-- Work instruction --
Every line of the records below from the line with "25 сентября в" up to and including the line with "尼泊爾穆?tīng)柨ò蜖栃" must be reproduced exactly, and no line outside that range.

-- Dataset records --
◆ ◆ ◆ ◆ ◆

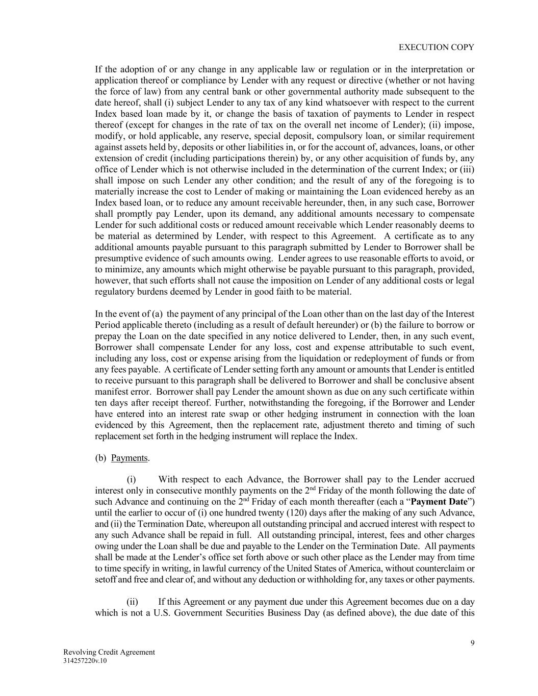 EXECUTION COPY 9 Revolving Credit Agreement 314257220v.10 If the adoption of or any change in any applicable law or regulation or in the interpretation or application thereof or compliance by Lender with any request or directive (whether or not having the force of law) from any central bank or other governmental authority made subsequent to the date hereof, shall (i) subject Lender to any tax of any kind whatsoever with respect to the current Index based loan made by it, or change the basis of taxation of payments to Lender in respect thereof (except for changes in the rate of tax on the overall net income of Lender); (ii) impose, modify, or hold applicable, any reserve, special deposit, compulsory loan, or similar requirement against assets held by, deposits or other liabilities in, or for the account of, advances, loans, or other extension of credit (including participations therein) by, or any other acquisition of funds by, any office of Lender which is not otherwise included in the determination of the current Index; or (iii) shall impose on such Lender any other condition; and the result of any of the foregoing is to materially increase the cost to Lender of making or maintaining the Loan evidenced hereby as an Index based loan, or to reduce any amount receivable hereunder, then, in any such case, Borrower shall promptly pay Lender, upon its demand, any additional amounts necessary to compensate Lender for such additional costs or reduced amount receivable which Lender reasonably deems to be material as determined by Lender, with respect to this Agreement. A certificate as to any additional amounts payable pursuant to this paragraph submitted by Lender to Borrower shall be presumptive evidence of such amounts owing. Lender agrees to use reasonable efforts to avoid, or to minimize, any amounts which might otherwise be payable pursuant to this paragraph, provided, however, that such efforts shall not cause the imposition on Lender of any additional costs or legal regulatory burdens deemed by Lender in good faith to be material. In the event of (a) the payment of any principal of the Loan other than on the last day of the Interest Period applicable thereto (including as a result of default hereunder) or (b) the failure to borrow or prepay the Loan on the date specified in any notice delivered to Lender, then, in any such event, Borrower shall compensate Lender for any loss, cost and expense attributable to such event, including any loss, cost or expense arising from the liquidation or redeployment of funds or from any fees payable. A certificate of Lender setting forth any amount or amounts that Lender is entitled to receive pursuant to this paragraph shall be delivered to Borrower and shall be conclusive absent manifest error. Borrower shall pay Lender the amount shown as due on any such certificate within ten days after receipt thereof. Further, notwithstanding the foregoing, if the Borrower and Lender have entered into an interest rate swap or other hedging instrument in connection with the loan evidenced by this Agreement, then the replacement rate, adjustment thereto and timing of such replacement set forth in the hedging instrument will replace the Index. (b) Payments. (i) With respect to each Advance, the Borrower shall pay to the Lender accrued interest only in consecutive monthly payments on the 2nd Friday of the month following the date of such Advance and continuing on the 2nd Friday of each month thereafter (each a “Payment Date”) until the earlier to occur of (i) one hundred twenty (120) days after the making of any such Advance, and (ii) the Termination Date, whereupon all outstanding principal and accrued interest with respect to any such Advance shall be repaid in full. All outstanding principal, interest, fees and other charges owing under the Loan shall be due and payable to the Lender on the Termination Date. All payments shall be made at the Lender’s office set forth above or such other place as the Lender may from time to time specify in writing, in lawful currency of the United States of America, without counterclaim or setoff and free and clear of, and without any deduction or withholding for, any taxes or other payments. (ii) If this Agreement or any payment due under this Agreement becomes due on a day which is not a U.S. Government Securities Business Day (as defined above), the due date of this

◆ ◆ ◆ ◆ ◆

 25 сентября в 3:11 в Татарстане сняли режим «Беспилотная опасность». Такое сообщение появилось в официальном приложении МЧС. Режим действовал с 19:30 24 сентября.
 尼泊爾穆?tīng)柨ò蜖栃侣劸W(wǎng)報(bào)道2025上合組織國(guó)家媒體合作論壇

◆ ◆ ◆ ◆ ◆

-- Solution to this exercise --
 25 сентября в 3:11 в Татарстане сняли режим «Беспилотная опасность». Такое сообщение появилось в официальном приложении МЧС. Режим действовал с 19:30 24 сентября.
 尼泊爾穆?tīng)柨ò蜖栃侣劸W(wǎng)報(bào)道2025上合組織國(guó)家媒體合作論壇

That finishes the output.